Now it’s January, my first course at Plymouth CRAFT is coming up. I think there’s one more space; keep in mind there’s more happening there that weekend – here’s the blurb for the knitting class



I’m not much for New Year’s resolutions – one I had half-made was to spend less time reading at the screens here – and that’s right out the window, thanks to Dave Fisher. He just started a blog. I really like Dave’s stuff – we met once when he came through Plimoth while I was there. So I’ll watch his blog regularly. His bowls are really out of this world – as I plod deeper & deeper into hewing bowls, Dave’s my inspiration. He’s stronger than me, and his tools are sharper – he hews bowls from cherry! Here’s the link:

Dave Fisher bowl



I’ve been thinking about a series called “tools from my chest” because there’s some I use all the time that I haven’t talked about in 8 years’ worth of blog posts. But, I’ll start with a brand-new one – a carving hatchet that I got from Robin Wood. This isn’t the one from John Neeman that somehow has Robin’s name on it – I’m not sure what that story is, but this is designed by and made for Robin, specifically for carving spoons and bowls. Priced so it’s within reach of most, it feels way better than its price range. (right now it’s £35 plus £22 for shipping to the US.)  

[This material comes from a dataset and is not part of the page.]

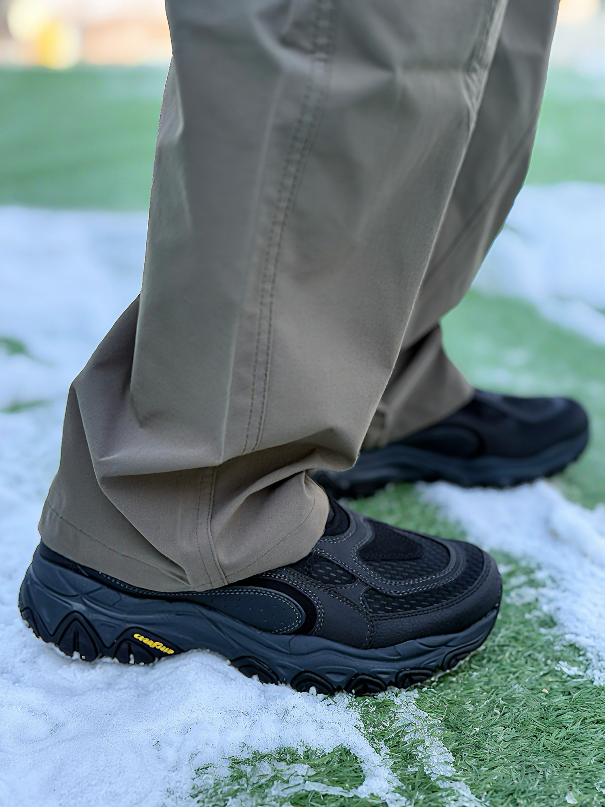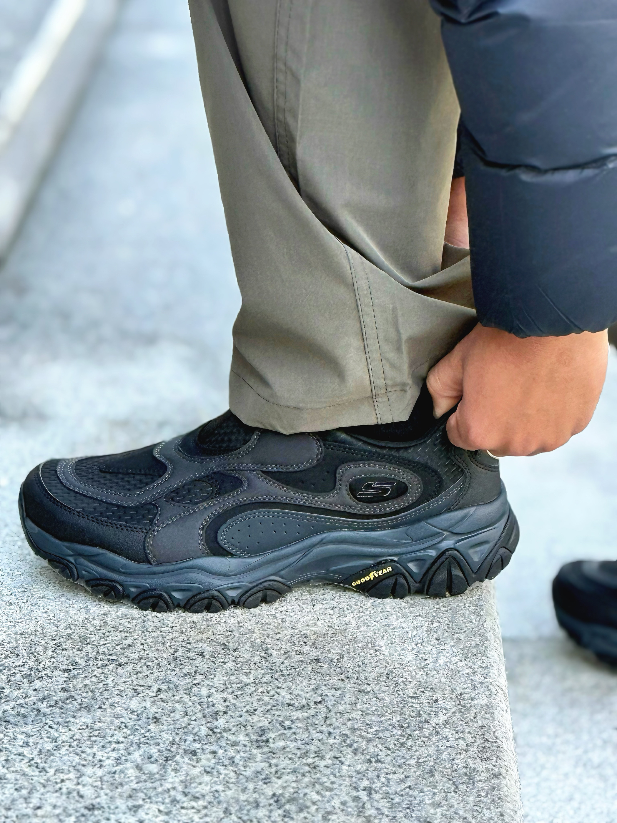 今天上脚的是 Skechers 的户外运动鞋 一脚蹬的设计的我真的好喜欢 鞋面的话用到了人造革➕网布拼接设计🖤 质感和耐脏程度挺好的 个人感觉最值得夸一夸的是鞋底 3-4cm 厚的不光有增高效果减震性也不错🧽 鞋底弓型造型足弓支撑性好。舒适度方面一般 有喜欢徒步或者有久站需要的朋友可以关注一下👀 鞋码秋冬穿厚袜子的话建议拍大半码 春夏季节的话正码拍就可以☺️

The specifics are on his site – but if you’re looking for a nice small carving hatchet, and the likes of Hans Karlsson are beyond your present budget, this is the hatchet for you. His knives are real nice as well; I got some of his hooks for use with students. I see that the hatchets are out of stock, Christmas must have wiped him out. Next batch in March it says.

robin wood hatchet

RW hatchet head

RW hatchet head profile


Two birds well suited to their environment. This redtail hawk would have eluded me if I hadn’t seen it fly into this sycamore tree. His brown and white feathers blend well with the bark – 

hidden redtail

This little grey screech owl is a different story. Our neighbors told us he’d taken to roosting in this duck box. If he sat on the branches, he’d be harder to see. He cares not, just plops into the box when some photographers get out of the car, Marie.